A professor from the University of California, James Bedford is the first man to be cryogenically frozen, technically he is still preserved and assuming he were to be revived in the future, it would make him the oldest living human born in 1893.
The foundation for cryonics emerged in the 1940s-1950s, scientists had discovered that glycerol could protect cells from freezing damage. What started with the revival of sperm cells came blood cells and eventually embryos. If biological material could be revived, maybe larger structures could be, maybe one day, a mammal could be revived.
Bedford became interested in cryonics, at the time, the book The Prospect of Immortality by Robert Ettinger written in 1962 had largely expanded on the moral and speculative new emerging technology that was, cryogenics. Bedford also had kidney cancer that had spread to his lungs and so actively chose to make this decision for a shot at revival.
When James Bedford died in 1967, a small team of volunteers on standby began the preservation process, the first preservation didn't go smoothly; the team were mostly amateurs and volunteers, the nurse reportedly had to run up and down the area collecting ice from neighbours home freezers. The process involves packing the body on ice, injecting the patient with a cryoprotectant to prevent ice crystal damage where he was placed in a storage vessel where he still remains to this day in liquid nitrogen.
Robert Nelson (the man who organised Bedford's preservation) later went on to let nine other cryonics patients thaw out and decompose after funding ran out in what was known as the Chatsworth scandals.

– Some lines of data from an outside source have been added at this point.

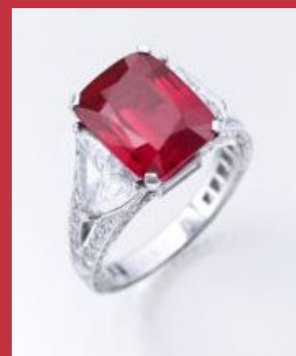
Ruby and Diamond Ring, featuring the Graff ruby weighing 8.62 carats Price Realized : $8,600,000
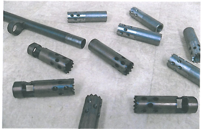
Helston manufacture 'Rakers' to suit all customers' needs, speak to our design team for a Raker to fit your special needs.
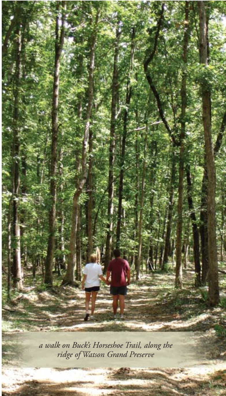
a walk on Buck's Horseshoe Trail, along the ridge of Watson Grand Preserve

The Tony Wilmer Trail System – an extensive network of over 20 miles of interconnected hiking, walking, and biking trails providing environments for both fitness and pleasure
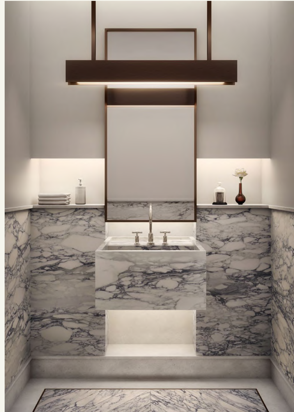
Richly contrasting natural materials, including dark wood and marble, invite a sense of tranquility in the primary bath.
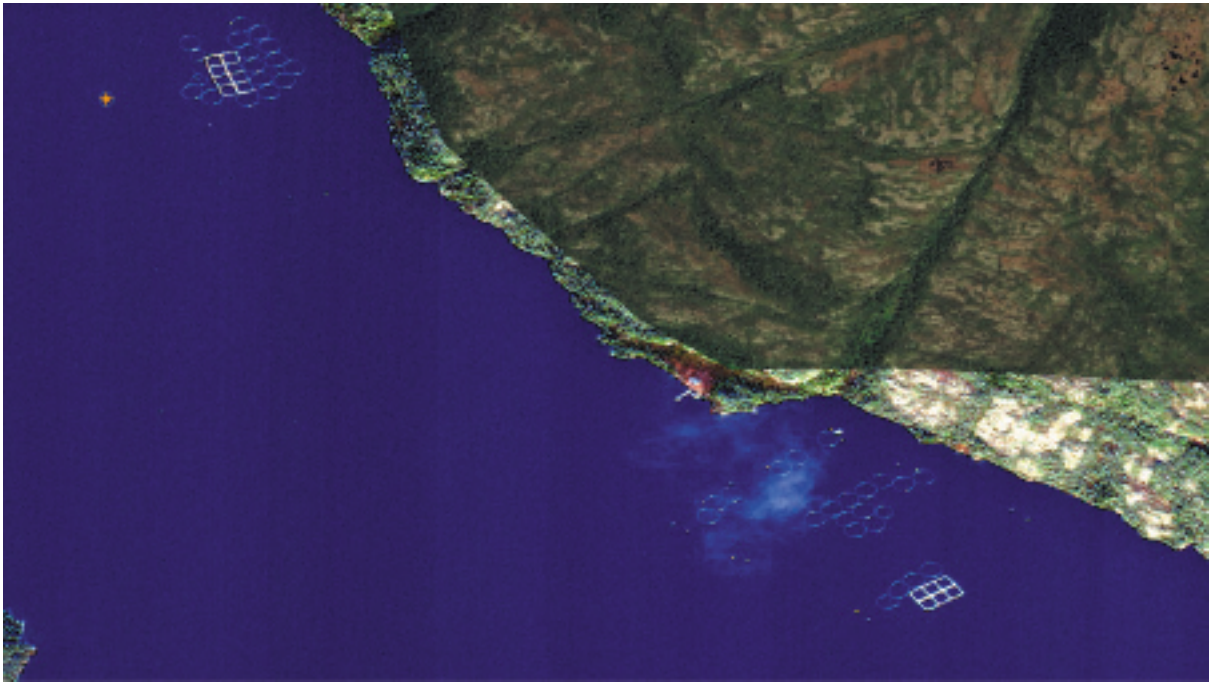
Grid structures present amongst discarded rings at Roti Bay #4 and further down the Bay.

Bedfords body only barely survived due to his family taking care of him and eventually transferring him to Alcor where Bedford remains in Scottsdale, Arizona. Even if Bedford is never revived, certain techniques have been massively improved since this first cryopreservation.
As crude as the process may be, some people bet on it for a chance at awaking in the future once technology has revived him, there still remains scepticism surrounding the numerous reversals that would need to be done in order to not only 'fix' the prior issues that the people experienced both before death and during cryogenics but also reviving someones brain from dead to alive, not to mention the issue of memory.
As of right now in 2026, approximately 700+ people globally are cryopreserved with many more scheduled to go through the process. While it's argued that the science is speculative, some really do pin hope on future revival when technology is capable of doing so.